Description of the task: Begin your copy at the line with "對此,陌陌在財報中反覆強調了" in the records below and end it at the line with "EXTERNAMENTE ESTE MOTOR", restating each line word for word; omit the pictures.

══ Source data

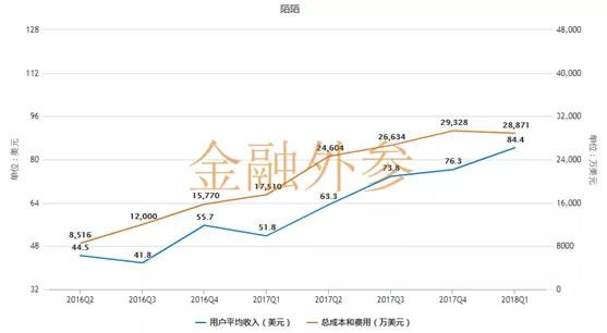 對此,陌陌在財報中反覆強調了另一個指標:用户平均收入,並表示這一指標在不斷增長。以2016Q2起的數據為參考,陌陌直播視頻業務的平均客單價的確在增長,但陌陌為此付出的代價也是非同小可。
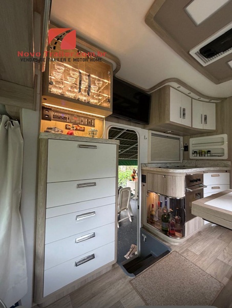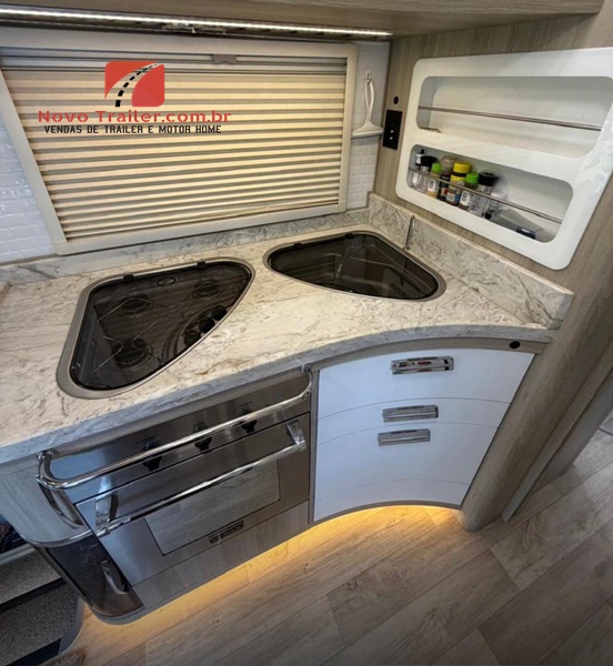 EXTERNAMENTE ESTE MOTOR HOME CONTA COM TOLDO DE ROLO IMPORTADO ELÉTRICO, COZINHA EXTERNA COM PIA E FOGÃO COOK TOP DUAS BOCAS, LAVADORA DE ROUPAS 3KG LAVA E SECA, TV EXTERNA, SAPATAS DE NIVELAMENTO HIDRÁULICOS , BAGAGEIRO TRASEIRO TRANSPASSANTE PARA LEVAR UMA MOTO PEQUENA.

════
══ Source data

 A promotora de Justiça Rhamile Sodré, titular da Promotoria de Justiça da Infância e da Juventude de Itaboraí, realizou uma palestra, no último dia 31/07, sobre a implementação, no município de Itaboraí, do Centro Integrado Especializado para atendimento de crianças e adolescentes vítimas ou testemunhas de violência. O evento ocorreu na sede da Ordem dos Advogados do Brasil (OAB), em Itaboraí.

════

Solution for this exercise:
 對此,陌陌在財報中反覆強調了另一個指標:用户平均收入,並表示這一指標在不斷增長。以2016Q2起的數據為參考,陌陌直播視頻業務的平均客單價的確在增長,但陌陌為此付出的代價也是非同小可。
 EXTERNAMENTE ESTE MOTOR HOME CONTA COM TOLDO DE ROLO IMPORTADO ELÉTRICO, COZINHA EXTERNA COM PIA E FOGÃO COOK TOP DUAS BOCAS, LAVADORA DE ROUPAS 3KG LAVA E SECA, TV EXTERNA, SAPATAS DE NIVELAMENTO HIDRÁULICOS , BAGAGEIRO TRASEIRO TRANSPASSANTE PARA LEVAR UMA MOTO PEQUENA.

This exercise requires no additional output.